I have been wanting to blog for years now.  In the time it took me to finish the previous sentence, I was set upon by my two precocious children begging for pickles, pretzels, and for me to open the blinds behind me.  The blinds are closed so the glare won't affect the computer screen.  And it was a no on the pickles, but I did get them each a small bowl of pretzels.  The pretzels were purchased in bulk from Amazon, and even though we've been eating them for almost a week (and will continue to eat them for at least another week), they don't seem sick of them yet.  

My life is full of those hurry up and wait moments, interspersed with periods of doing absolutely nothing but checking Facebook or staring at a wall.  Mornings are always the worst since I am absolutely not a morning person, but my children are.  I'll fight for even five extra minutes of sleep.  Just this morning, my husband bitterly commented that it must be nice to sleep in every day.  I squeezed my eyes shut even harder against the day while mumbling that it must nice to go to Starbucks every morning and look forward to a day filled solely with adults and not have to count down the seconds until someone needs their butt wiped.  Did he want to switch?  He laughed and walked out of the room.  He's good about pouring them a bowl of cereal and switching on the cartoons while I try to steal even thirty more seconds of sleep.  It doesn't help we don't go to bed until midnight or later.  Nighttime has always been when I have the most energy.  I was always one of those kids that had to constantly be told to go to bed.  It's amazing I even get the boy to school on time when on the days when he is home and we have a play date at ten in the morning, we are invariably half an hour late.  No real reason.  Just can't get our act together.

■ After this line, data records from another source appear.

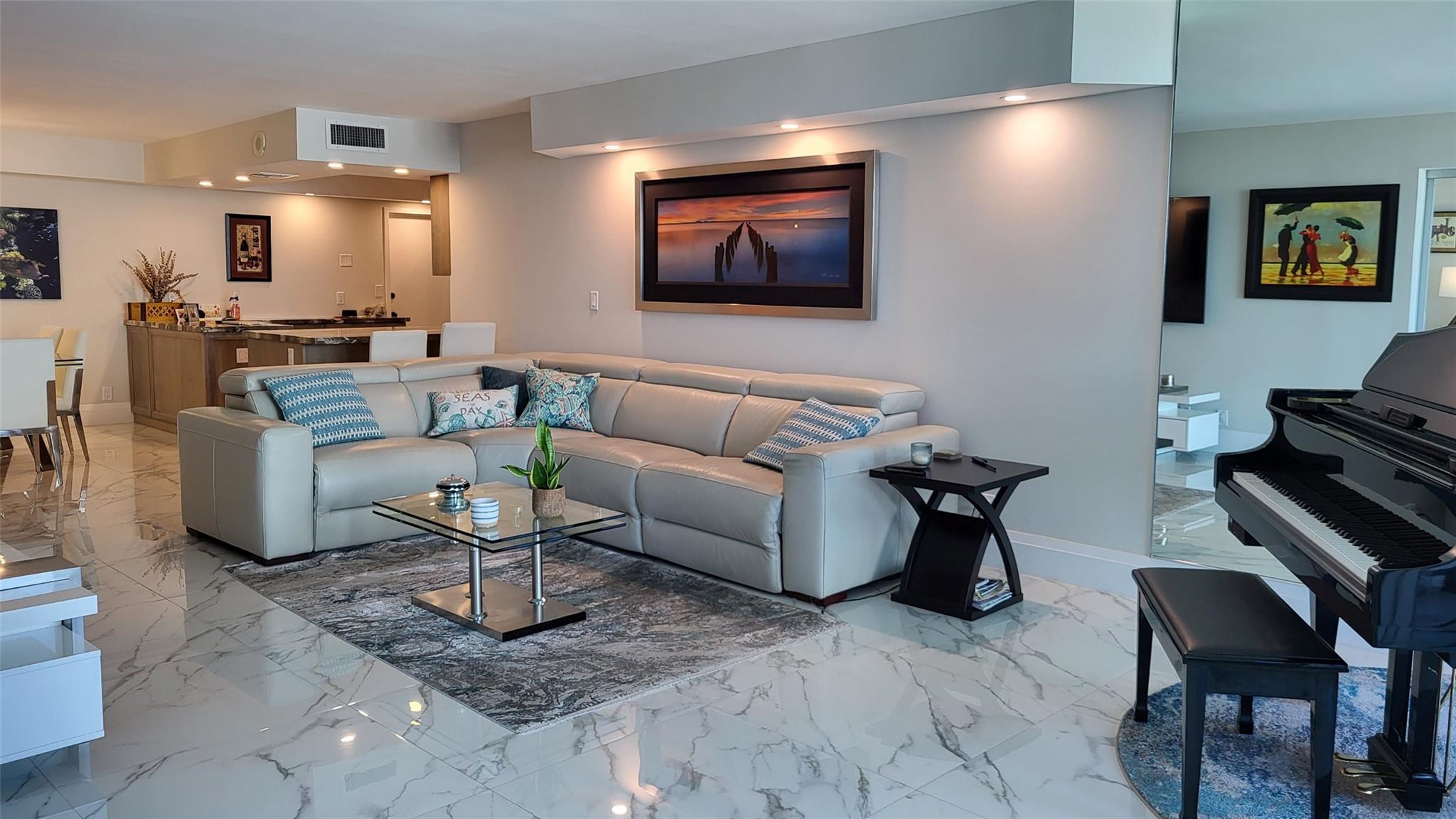 AVAILABLE FOR ANNUAL OR SEASONAL LEASING! Here is the remodeled & wonderfully furnished 2/2 you have been looking to call your home! The foyer greets with custom, high end marble floors, custom cabinetry & gorgeous finishes which carry throughout. The owner spared no expense, creating an exquisite unit with outstanding views. A few more steps in opens up into an expansive living dining area leading to a parlor grand piano & balcony. A chef's kitchen appointed with GE Profile appliances including a double oven & generous elegant top of the line stone counter tops. Both bathrooms are also fitting the most discriminating taste. Enjoy beautiful ocean view from the entire main bedroom and its large walk-in closet with built-ins as well. The guest bedroom has a cool bonus desk/reading alcove.
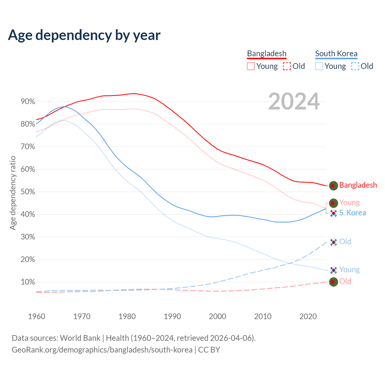 - Bangladesh is ranked 124/196 by median age (oldest to youngest) vs 10/196 for South Korea.
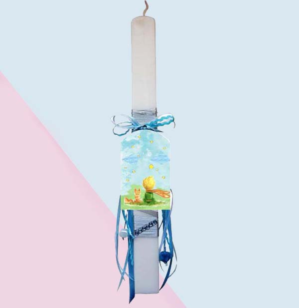 - Το διακοσμητικό της λαμπάδας είναι ξύλινος τυπωμένος Μικρός Πρίγκιπας.
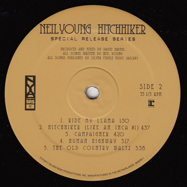 This version does not have "SOURCE Mastered from the original analog tapes" on labels. Copies with this text on labels are at [r=12602484 There is no indication anywhere on the release, but this is a mono recording. Issued with gatefold cover and 23"x28" poster with lyrics and credits. Hype sticker lower right on shrink: 'Unreleased 1976 Solo Album Produced by David Briggs 1-560639 (K1)' NYA - Special release series © ℗ 2017 Silver Bow Productions, Inc. Manufactured in the Netherlands (on labels). Manufactured in the EU (on back cover). Mastered at Grundman Mastering 1st cat# on spine and poster 2nd cat# on labels This release differs from [r=10816311, as it has the cat # of 9362-49126-1 on the spine. Runouts etched, exc. 19612 2A / 19612 2B, stamped
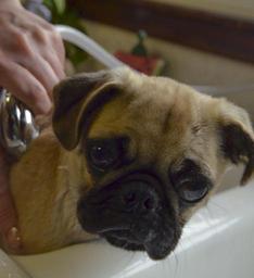 Keywords: pug bath puppy wash cute grooming care dog pet animal
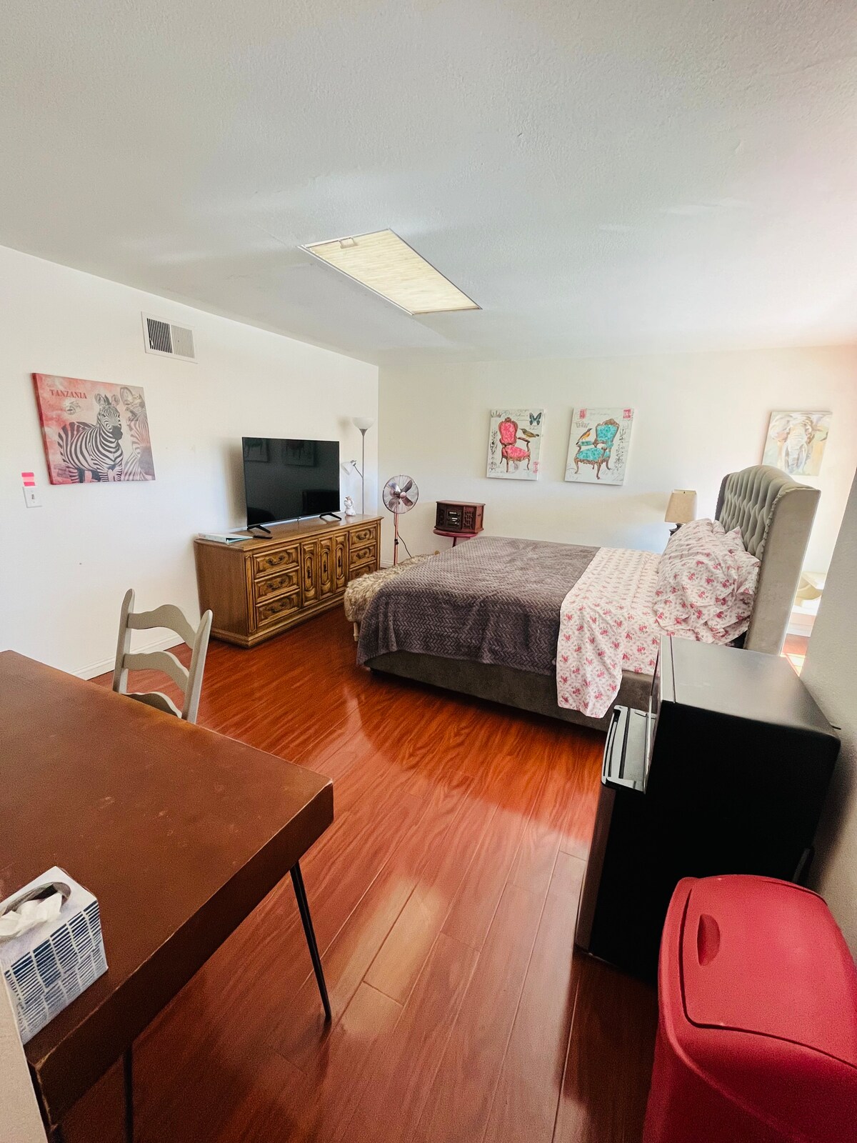 Welcome to your private oasis! This cozy studio guesthouse features a fully equipped kitchen, bathroom, and is fully furnished for a comfortable stay. Enjoy the convenience of a separate entrance, and relax in your own yard and patio space. Perfect for those seeking a peaceful, self-contained retreat!
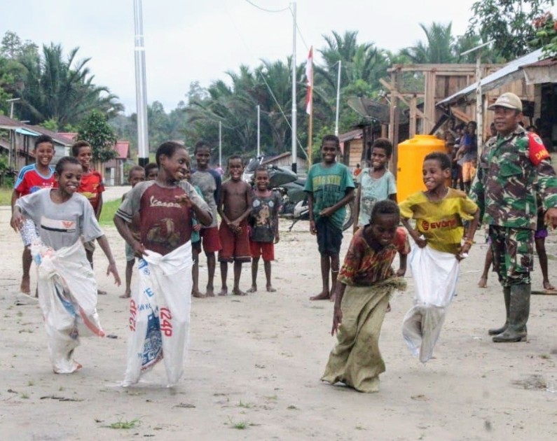 Merauke-Prajurit TNI dari Kodim 1707/Merauke yang tergabung dalam Satuan Tugas TNI Manunggal Membangun Desa (Satgas TMMD) ke-107 menghibur anak-anak dengan menggelar perlombaan balap karung di pedalaman tepatnya di Kampung Epem, Distrik Citak Mitak, Kabupaten Mappi, Provinsi Papua, ,Senin (7/4/2020).
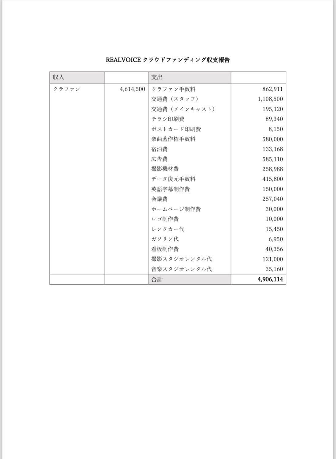 そして、クラウドファンディングでご支援頂きました資金の収支報告になります
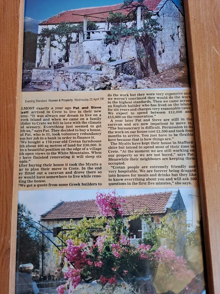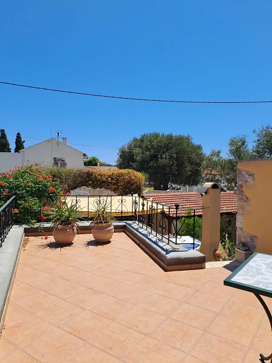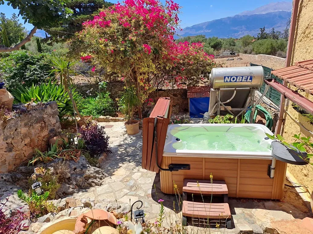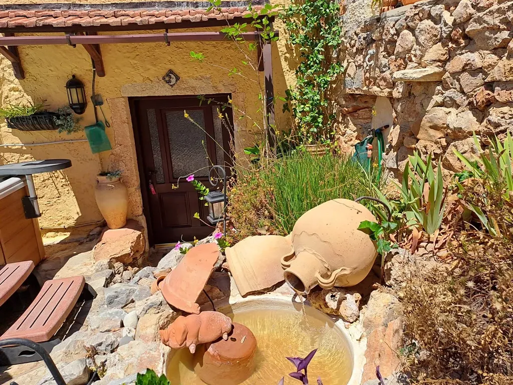Tato jedinečná nemovitost se nachází v klidné krétské vesnici, která si zachovala svůj autentický charakter. Součástí je samostatný hlavní dům a samostatné studio s celkem dvěma ložnicemi a dvěma koupelnami, soukromým parkováním mimo silnici a vzrostlou zahradou.
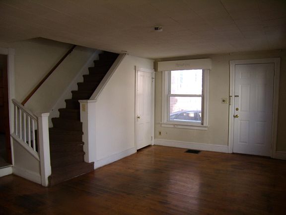 Two-story apt., end-unit. Roomy, wood floors. Huge walk-in closet. Rent includes water/sewer/trash
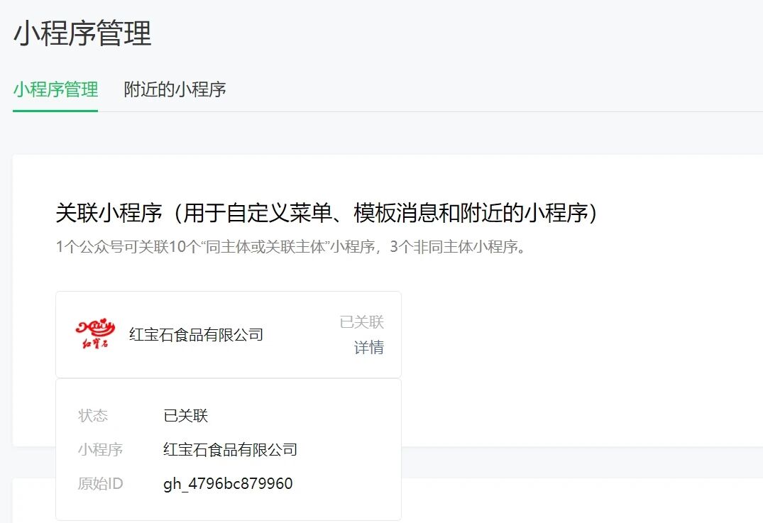 公司名为“淄博红宝石蛋糕”的公众号,关联了“红宝石食品有限公司”的小程序,小程序ID:gh_4796bc879960,
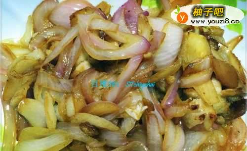 5先将洋葱片倒入翻炒,大火快炒,将洋葱炒软。
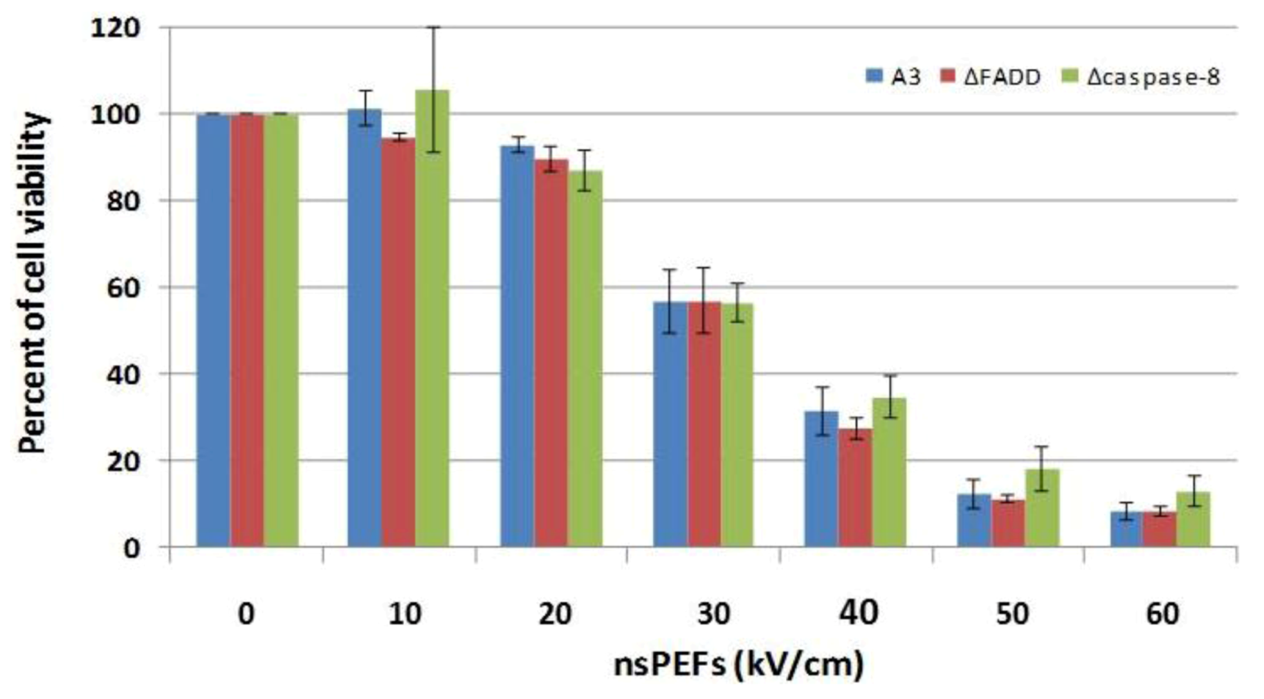 When cell viability was determined for each clone with increasing electric fields, it was determined that there were no differences in electric field-dependent decreases in cell viability; cell death in all clones exhibited identical electric field dependences (Figure 6). Electric field LD50 values were between 30 and 40 kV/cm and pulsing at 60 kV/cm resulted in about 10% survival in all three clones. Thus, cell death in Jurkat clones treated with nsPEFs appeared to be independent of DISC or other mechanisms using FADD or caspase-8. This is in contrast to survival of Fas-stimulated ΔFADD Jurkat cells [66], which we reproduced (data not shown). However, Jurkat cell death occurred when caspases were inhibited by z-VAD-fmk, which sensitizes cells to caspase-independent cell death pathway(s) with other apoptosis stimuli [66,67]. This has been characterized as programmed necrosis [68,69]. This indicates that like other apoptotic stimuli, nsPEFs can activate more than one cell death program, possibly programmed necrosis or necroptosis in the absence of active caspases.

I'm hoping to use this blog to talk about some of my favorite things, but also those weird thoughts you get at 1 in the morning when you know you should be sleeping and can't.  I also need a place to vent that isn't Facebook and won't be seen by friends and family who will hunt me down and skin me alive for daring to shed light on some of our "issues."

Most importantly, I want this blog to help keep me...me.  I feel lost sometimes.  I'll suddenly remember a goal or vision I had ten or fifteen years ago that was so all consuming at that moment in my life and today barely survives as an afterthought.  Is it possible to hold on to yourself or is change just inevitable?  I don't know.